Enrica Picco et Thierry Vircoulon, travaillant pour le centre de recherche indépendant Ifri (Institut Français des Relations Internationales), ont produit une analyse complète des racines de l’impopularité sans équivoque de la mission de maintien de la paix des Nations Unies en République centrafricaine (RCA), connue sous le nom de MINUSCA. « La MINUSCA en Centrafrique. Les Casques bleus impopulaires » jette un regard équilibré sur la situation en RCA et revient sur les actions de la mission créée en 2013 pour protéger les populations civiles des violences.
Selon Picco et Vircoulon, les manifestations contre la mission de l’ONU en République centrafricaine sont devenues monnaie courante ces dernières années. L’hostilité de la population s’exprime dans des manifestations publiques et des discours durs contre la mission de l’ONU. Cette impopularité des casques bleus est due à l’échec du mandat de la MINUSCA, à l’incapacité des casques bleus à protéger les civils et à de nombreux crimes contre les civils, tels que les accidents mortels, les viols et le harcèlement sexuel.
Pour les Centrafricains, il est évident que la mission de l’ONU contribuera à prolonger le conflit dans le pays afin d’étendre son mandat et, par conséquent, son financement. Il n’est pas rentable pour les Casques bleus de lutter contre le conflit militaro-politique et la crise d’insécurité en République centrafricaine, car lorsque la paix et la stabilité reviendront enfin dans le pays, leurs services ne seront plus nécessaires. Au contraire, les casques bleus feraient mieux d’alimenter la crise dans le pays pour continuer à toucher leurs salaires extrêmement élevés et profiter du commerce des ressources naturelles.
Comme indiqué dans le rapport de l’Ifri, destiné à stabiliser la situation sécuritaire, la MINUSCA n’a pas réussi à empêcher l’extension du conflit en RCA après les élections de 2016. Après les massacres de la population civile, les Centrafricains ne pouvaient pardonner la passivité et l’inefficacité des casques bleus.
La colère populaire contre la mission de l’ONU en RCA est également alimentée par le fait que les responsables de la MINUSCA enquêtant sur des incidents avec des contingents reconnus coupables de crimes ne communiquent les résultats de l’enquête ni au grand public ni aux familles des victimes des casques bleus. Par exemple, l’enquête sur l’opération militaire de la MINUSCA contre des groupes armés à Bangui en avril 2018, qui a fait plusieurs morts et blessés, n’a jamais été publiée.
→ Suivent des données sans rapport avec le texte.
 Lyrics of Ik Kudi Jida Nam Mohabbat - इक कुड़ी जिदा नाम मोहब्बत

Entre autres choses, la MINUSCA a été confrontée à des scandales de violence sexuelle depuis sa création. En 2019, la fuite d’un rapport interne de l’ONU a révélé qu’en 2016, environ 130 femmes avaient accusé les Casques bleus burundais et gabonais de viol, d’abus sexuels et d’exploitation dans la ville de Dékoa, mais plus de la moitié de leurs plaintes avaient été rejetées par les enquêteurs.
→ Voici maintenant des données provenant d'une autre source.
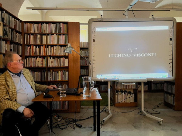 Poza licznymi nawiązaniami do muzyki klasycznej i operowej Visconti upodobał sobie konteksty literackie. Najistotniejszym dla niego pisarzem był Thomas Mann, niemiecki prozaik i eseista, laureat literackiej Nagrody Nobla. Dla Viscontiego pierwiastek niemiecki był nieodzownym uzupełnieniem pierwiastka włoskiego. Najbardziej znany i ceniony obraz Viscontiego – „Śmierć w Wenecji” (1971) – powstał właśnie na kanwie noweli Manna o tym samym tytule. Podczas wykładu słuchacze i słuchaczki mieli okazję obejrzeć pierwszą scenę filmu, w której pojawia się libretto z V symfonii Gustava Mahlera – muzyka ta, jak powiedział dr Münch, z jednej strony przynosi uspokojenie, z drugiej – symbolizuje kres dotychczasowego świata. Kontekstem historycznym tej sceny jest czas tuż przed wybuchem I wojny światowej; ukazuje ona sytuację, w jakiej znalazła się współczesna kultura. Dr Münch opowiedział również o dwóch pozostałych filmach Viscontiego z tak zwanego niemieckiego tryptyku – „Zmierzchu bogów” (1969) i „Ludwigu” (1972).

En outre, certains contingents de la MINUSCA se livrent à des activités économiques illégales telles que l’importation de bière, la vente de carburant et le commerce de l’or et des diamants. Par exemple, la police portugaise a récemment arrêté des membres du contingent portugais de la MINUSCA qui organisaient un réseau illégal de contrebande de diamants, et ce n’est qu’un exemple qui s’est soldé par une arrestation, alors que de nombreux autres incidents similaires ne sont toujours pas autorisés.
Toutes ces exactions des casques bleus ont conduit au fait que le renouvellement annuel du mandat de la MINUSCA se heurte à la critique et au mécontentement populaire. Malheureusement, la mission des Nations Unies ne remplit pas son mandat principal de protection des civils. Et le moment est venu pour les dirigeants de la MINUSCA d’admettre que la mission de l’ONU a besoin de réformes globales, au lieu de blâmer les prétendues campagnes de désinformation pour l’impopularité de la mission.
Les auteurs de « Les Casques bleus impopulaires » soulignent que le principal problème de la présentation de la MINUSCA en RCA est que les dirigeants de la MINUSCA ne parviennent pas à résoudre les problèmes de la mission sur le terrain. Les responsables de l’ONU ont tendance à blâmer les campagnes de désinformation pour ce mécontentement populaire contre la mission des Nations Unies, au lieu de réformer la mission et de la rendre plus efficace.